One can make an argument that the creation of software is the most impactful human cultural achievement to date. But writing software well is not easy and much sophisticated methodology has been proposed for software development, primarily addressing the needs of large software companies and enterprise-scale systems. Certainly: once software development becomes the task of teams, and systems become larger than what one person can confidently remember, failure is virtually guaranteed if the task is not organized in a structured way.
But our work often does not fit this paradigm, because in the bioinformatics lab - as in any research lab - the requirements are constantly in flux. The reason is obvious: most of what we produce in science are one-off solutions. Once one analysis runs, we publish the results, and we move on. There is limited value in doing an analysis over and over again. However, this does not mean we can’t profit from applying the basic principles of good development principles. Fortunately that is easy. There actually is only one principle.
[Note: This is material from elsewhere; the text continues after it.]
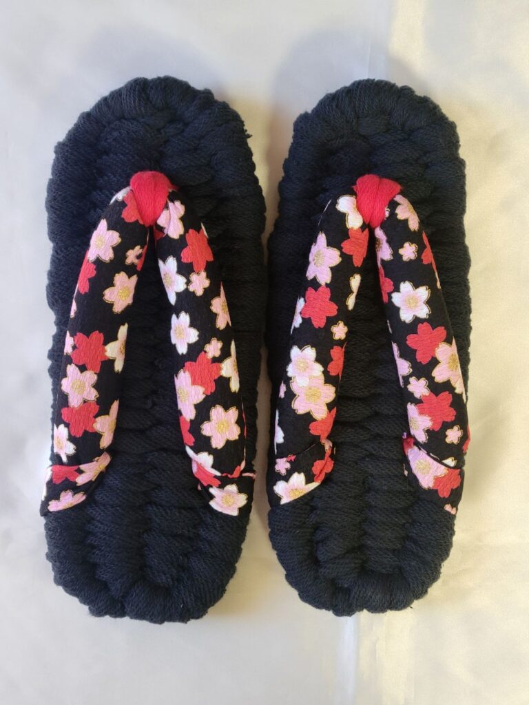 1足目です 黒のベースに桜柄の鼻緒が映えて素敵なモダンジャパニーズの布ぞうりが完成しました。前坪の色を赤にしたことで明るい印象になりました

Make implicit knowledge explicit.
Everything else follows.
Making project goals explicit and making progress explicit is crucial, everyone has to know what’s going on and what their responsibilities are. Collaboration these days is distributed, and online. Here is a list of options you ought to have tried. :
There is a lot of turnover with all of these tools and it’s important to backup your important data to alternate locations. Offerings may go out of date, or get absorbed by other services. Are there collaboration tools you like that I haven’t mentioned? Let me know …
The planning stage involves defining the goals and endpoints of the project. We usually start out with a vague idea of something we would like to achieve. We need to define: * where we are; * where we want to be; * and how we will get there.
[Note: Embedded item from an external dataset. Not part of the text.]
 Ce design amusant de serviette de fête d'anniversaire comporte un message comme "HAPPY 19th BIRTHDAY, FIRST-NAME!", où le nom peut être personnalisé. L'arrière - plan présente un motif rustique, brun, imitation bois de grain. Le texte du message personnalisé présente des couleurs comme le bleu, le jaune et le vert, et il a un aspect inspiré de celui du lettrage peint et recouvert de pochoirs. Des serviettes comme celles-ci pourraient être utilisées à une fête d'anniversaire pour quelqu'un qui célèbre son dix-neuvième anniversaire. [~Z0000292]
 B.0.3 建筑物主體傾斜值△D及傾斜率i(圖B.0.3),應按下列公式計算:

For an example of a plan, refer to the 2015 BCB420 Class Project. There, we lay out a plan in three phases: Preparation, Implementation and Results. This is generic, the preparation phase implies an analysis of the problem, which focusses on what will be accomplished, independent of how this will be done. The results of the analysis can be a requirements document (here is a link to a Requirements template - a template to jumpstart such a document) or a less formal collection of goals.
The most important achievement of the plan is to break down the project into manageable parts and define the Milestones that characterize the completion of each part1.
Software Design(W) encompasses a range of activities: conceptualizing the system, defining requirements, structuring components and interfaces, and providing roadmaps for deployment and maintenance. All these are necessary, but none of these matter if you are solving the wrong problem.
In the problems we deal with in a bioinformatics lab, it is a good idea to folllow an architecture(W) centric design process: we explore the requirements with the specific goal of drafting an overall architecture, and we draw up a detailed architecture to make the components and their interfaces explicit. Typically this will involve some modelling and there are different ways to model a system.
Whichever modelling method is adopted, make sure that it is explicit. Many aspects of the widely used UML(W) standard suffer from poor information-design; this can lead to hard-to-understand graphics that obfuscate rather than clarify the issues2.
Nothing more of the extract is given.